Say I have 10 elements, corresponding to 11 nodes running from -5 to 5 so the spacing is 1. Node 1 is equal to node 11 since I want to employ periodic boundary conditions.

My issue is that I am not sure how to construct the mass matrix for the 10th node. As shown here, the elements for the 10th node will be (I use periodic boundary conditions, so [itex]x_{N+1}=x_1[/itex])

[tex] M_{10,10} = \frac{x_{1}-x_{10}}{3} = -10/3\\<br /> M_{10,1} = \frac{x_{1}-x_{10}}{6} = -10/6[/tex]
All other elements have positive values given by 1/3 and 1/6, respectively.
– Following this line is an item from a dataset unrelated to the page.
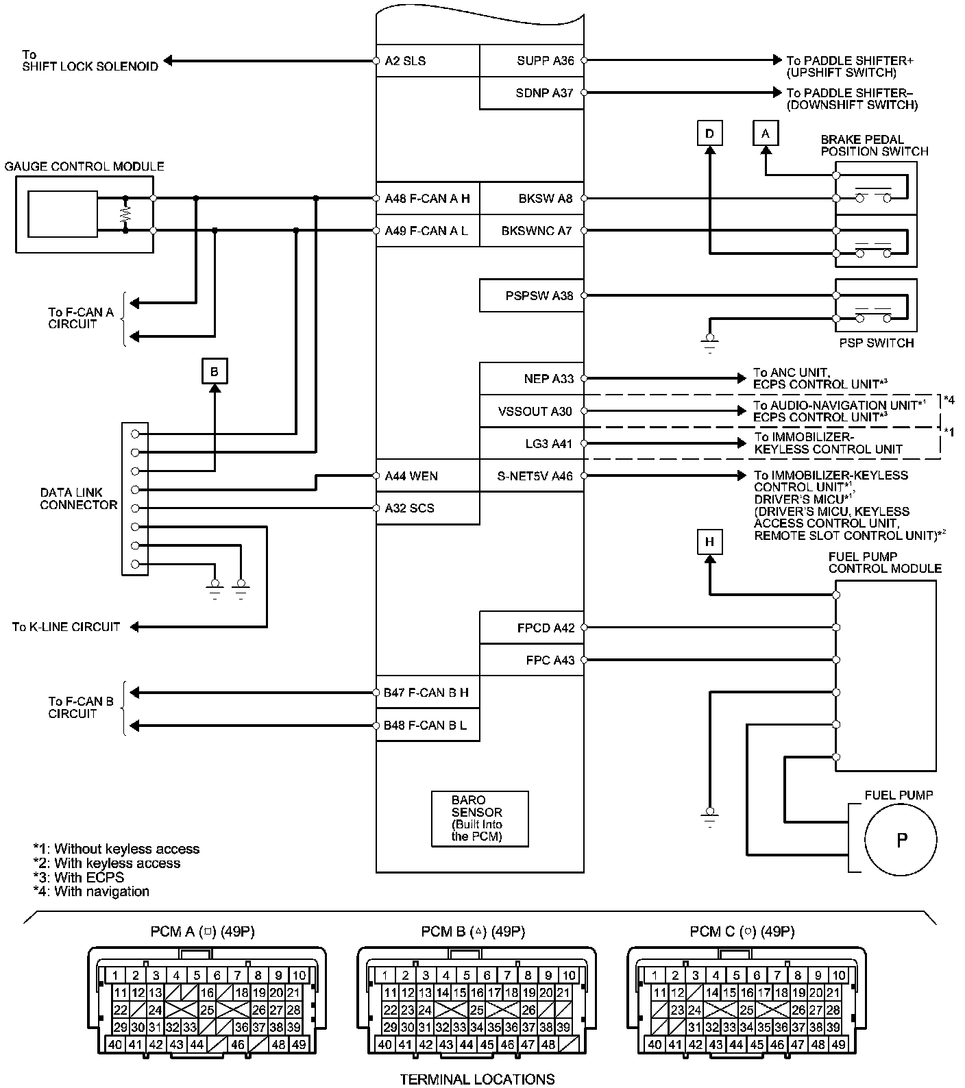 PCM Inputs and Outputs at PCM Connector B (triangle) (49P)

Are my values for [itex]M_{10,10}[/itex] and [itex]M_{10,1}[/itex] correct? I find it odd that their values are so much different than the values in the "bulk".
 
on Phys.org
This is 1D, so is it a line?
Is x_11 actually x_1 or is it x_1 + P where P is your period in X?
Thus f(x_11) = f(x_1) but x_11 is not actually x_1.
If this is the case, use x_11 for x_11 and in the matrix assign it the position of x_1 since it will be multiplied by that node.
 
Thanks, that is also what I thought. But then my matrix has dimensions 10x10, but my field will have 11 values since x_11 and x_1 are not the same. But that won't work when I multiply them together (?)

Am I missing something?
 
x_11 and x_1 are not the same in reality, but in the matrix they have the same role.
The main thing is that you are keeping with the periodic nature in your x, if all other entries are 1/3 and 1/6, then so should the ones at the edge.
You aren't actually putting the 11th value in, but when you plot it, you can manually put the 11th point in.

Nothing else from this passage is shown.